Top of Provided material

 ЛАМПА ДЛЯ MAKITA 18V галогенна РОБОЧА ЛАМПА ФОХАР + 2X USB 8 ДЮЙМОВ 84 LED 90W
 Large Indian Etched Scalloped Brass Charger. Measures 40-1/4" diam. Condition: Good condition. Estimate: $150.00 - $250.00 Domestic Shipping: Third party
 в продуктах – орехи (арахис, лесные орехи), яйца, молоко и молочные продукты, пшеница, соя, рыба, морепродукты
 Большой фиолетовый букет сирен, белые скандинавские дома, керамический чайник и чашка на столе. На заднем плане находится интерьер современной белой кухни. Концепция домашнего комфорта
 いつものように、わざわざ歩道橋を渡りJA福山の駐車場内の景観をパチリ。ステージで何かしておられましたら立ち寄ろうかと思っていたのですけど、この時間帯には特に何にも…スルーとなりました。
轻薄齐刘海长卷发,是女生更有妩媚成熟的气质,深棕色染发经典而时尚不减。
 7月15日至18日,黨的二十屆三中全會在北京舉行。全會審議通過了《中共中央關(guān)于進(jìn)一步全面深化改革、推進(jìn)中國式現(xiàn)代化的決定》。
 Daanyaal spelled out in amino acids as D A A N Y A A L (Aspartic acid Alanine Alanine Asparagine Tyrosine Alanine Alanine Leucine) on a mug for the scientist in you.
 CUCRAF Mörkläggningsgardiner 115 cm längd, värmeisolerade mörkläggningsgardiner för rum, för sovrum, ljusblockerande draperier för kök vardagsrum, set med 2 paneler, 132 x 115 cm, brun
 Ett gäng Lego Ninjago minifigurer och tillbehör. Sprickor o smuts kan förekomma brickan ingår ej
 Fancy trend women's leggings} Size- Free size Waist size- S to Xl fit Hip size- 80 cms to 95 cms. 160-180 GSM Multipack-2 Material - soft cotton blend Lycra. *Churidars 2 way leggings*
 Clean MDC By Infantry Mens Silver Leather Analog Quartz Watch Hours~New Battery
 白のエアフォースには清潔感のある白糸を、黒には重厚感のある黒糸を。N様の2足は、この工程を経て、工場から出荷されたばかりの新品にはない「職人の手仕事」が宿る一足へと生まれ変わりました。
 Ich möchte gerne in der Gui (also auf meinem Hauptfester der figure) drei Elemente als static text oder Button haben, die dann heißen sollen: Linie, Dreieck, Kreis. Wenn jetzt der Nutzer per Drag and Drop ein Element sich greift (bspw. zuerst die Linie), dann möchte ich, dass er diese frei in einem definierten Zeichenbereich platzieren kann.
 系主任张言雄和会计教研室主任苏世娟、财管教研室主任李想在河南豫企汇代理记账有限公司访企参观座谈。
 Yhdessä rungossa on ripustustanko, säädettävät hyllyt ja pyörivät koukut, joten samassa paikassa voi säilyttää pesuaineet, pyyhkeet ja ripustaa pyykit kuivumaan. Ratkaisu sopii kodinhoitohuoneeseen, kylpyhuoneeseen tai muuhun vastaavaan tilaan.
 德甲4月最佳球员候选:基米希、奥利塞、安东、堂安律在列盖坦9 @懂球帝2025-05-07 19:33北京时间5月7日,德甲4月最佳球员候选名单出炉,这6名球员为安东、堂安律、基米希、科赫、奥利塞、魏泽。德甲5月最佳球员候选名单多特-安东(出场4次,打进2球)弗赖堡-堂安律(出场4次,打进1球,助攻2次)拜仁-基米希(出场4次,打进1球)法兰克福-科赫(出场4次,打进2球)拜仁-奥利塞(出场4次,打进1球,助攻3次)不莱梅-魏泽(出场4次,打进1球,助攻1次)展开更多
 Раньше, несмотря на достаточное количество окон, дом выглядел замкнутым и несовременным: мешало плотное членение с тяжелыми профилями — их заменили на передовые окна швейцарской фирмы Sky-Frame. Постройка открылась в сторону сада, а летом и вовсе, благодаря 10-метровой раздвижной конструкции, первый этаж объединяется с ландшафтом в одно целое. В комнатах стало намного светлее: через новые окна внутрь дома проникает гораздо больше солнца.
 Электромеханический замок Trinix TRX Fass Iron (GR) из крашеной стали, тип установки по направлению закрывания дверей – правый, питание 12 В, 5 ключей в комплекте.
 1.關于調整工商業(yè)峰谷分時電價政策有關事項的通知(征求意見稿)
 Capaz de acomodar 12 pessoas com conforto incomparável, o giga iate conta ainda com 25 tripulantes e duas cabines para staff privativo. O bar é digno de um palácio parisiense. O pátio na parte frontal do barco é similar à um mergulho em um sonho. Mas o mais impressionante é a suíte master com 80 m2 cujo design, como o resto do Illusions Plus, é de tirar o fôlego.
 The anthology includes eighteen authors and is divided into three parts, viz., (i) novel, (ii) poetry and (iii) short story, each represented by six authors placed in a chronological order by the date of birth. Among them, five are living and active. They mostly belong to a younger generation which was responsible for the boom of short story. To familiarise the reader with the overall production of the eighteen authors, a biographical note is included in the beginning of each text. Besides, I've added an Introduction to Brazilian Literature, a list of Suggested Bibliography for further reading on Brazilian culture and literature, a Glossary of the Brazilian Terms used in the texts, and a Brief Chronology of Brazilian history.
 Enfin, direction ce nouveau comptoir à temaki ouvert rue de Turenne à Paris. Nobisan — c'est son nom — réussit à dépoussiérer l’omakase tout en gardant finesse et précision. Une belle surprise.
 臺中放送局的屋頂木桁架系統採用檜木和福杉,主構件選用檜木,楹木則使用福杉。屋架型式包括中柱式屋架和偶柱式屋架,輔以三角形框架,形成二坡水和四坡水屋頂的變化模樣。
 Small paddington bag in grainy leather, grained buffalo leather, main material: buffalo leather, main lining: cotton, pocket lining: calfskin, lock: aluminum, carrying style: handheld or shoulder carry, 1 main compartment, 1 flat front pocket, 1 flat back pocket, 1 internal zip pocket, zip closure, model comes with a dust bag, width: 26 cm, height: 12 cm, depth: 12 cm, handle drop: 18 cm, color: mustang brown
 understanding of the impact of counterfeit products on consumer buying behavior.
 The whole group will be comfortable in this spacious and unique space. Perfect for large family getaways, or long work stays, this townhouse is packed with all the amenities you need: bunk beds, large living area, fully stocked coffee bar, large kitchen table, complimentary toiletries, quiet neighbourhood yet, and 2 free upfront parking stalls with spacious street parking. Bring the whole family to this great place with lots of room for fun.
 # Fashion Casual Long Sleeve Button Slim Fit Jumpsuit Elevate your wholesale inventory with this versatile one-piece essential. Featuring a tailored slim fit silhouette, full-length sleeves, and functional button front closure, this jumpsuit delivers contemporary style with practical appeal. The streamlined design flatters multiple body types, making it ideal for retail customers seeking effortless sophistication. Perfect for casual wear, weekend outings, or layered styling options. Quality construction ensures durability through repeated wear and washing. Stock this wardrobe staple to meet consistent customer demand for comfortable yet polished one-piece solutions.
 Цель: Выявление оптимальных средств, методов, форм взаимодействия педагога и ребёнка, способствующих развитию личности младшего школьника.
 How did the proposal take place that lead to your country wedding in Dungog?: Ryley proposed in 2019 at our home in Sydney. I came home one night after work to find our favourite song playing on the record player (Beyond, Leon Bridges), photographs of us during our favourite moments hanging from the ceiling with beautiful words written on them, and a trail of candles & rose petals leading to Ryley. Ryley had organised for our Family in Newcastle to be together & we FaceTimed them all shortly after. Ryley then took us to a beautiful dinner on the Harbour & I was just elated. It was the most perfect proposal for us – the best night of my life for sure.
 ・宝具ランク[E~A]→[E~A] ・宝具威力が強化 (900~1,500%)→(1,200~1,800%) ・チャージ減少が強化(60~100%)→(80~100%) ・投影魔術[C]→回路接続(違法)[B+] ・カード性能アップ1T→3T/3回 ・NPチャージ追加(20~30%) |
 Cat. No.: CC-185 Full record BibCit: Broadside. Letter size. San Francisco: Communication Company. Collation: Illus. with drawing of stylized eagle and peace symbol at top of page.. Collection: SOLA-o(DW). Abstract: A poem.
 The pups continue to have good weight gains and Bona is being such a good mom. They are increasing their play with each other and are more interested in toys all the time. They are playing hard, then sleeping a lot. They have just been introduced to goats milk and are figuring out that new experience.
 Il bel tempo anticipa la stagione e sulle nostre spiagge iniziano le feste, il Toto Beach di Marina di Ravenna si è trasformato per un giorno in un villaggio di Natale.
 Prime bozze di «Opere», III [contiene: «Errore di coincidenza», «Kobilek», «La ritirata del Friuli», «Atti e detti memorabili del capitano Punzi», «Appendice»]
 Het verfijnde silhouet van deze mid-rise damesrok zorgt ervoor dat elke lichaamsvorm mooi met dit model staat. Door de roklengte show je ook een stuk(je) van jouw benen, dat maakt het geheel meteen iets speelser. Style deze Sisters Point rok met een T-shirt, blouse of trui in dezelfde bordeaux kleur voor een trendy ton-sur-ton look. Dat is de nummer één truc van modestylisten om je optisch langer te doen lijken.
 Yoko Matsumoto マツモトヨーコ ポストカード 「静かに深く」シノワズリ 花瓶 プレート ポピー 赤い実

Bottom of Provided material

_Task brief_
From the data above, copy out every line with the string "дома" in it.

_Response below_
 Большой фиолетовый букет сирен, белые скандинавские дома, керамический чайник и чашка на столе. На заднем плане находится интерьер современной белой кухни. Концепция домашнего комфорта
 Раньше, несмотря на достаточное количество окон, дом выглядел замкнутым и несовременным: мешало плотное членение с тяжелыми профилями — их заменили на передовые окна швейцарской фирмы Sky-Frame. Постройка открылась в сторону сада, а летом и вовсе, благодаря 10-метровой раздвижной конструкции, первый этаж объединяется с ландшафтом в одно целое. В комнатах стало намного светлее: через новые окна внутрь дома проникает гораздо больше солнца.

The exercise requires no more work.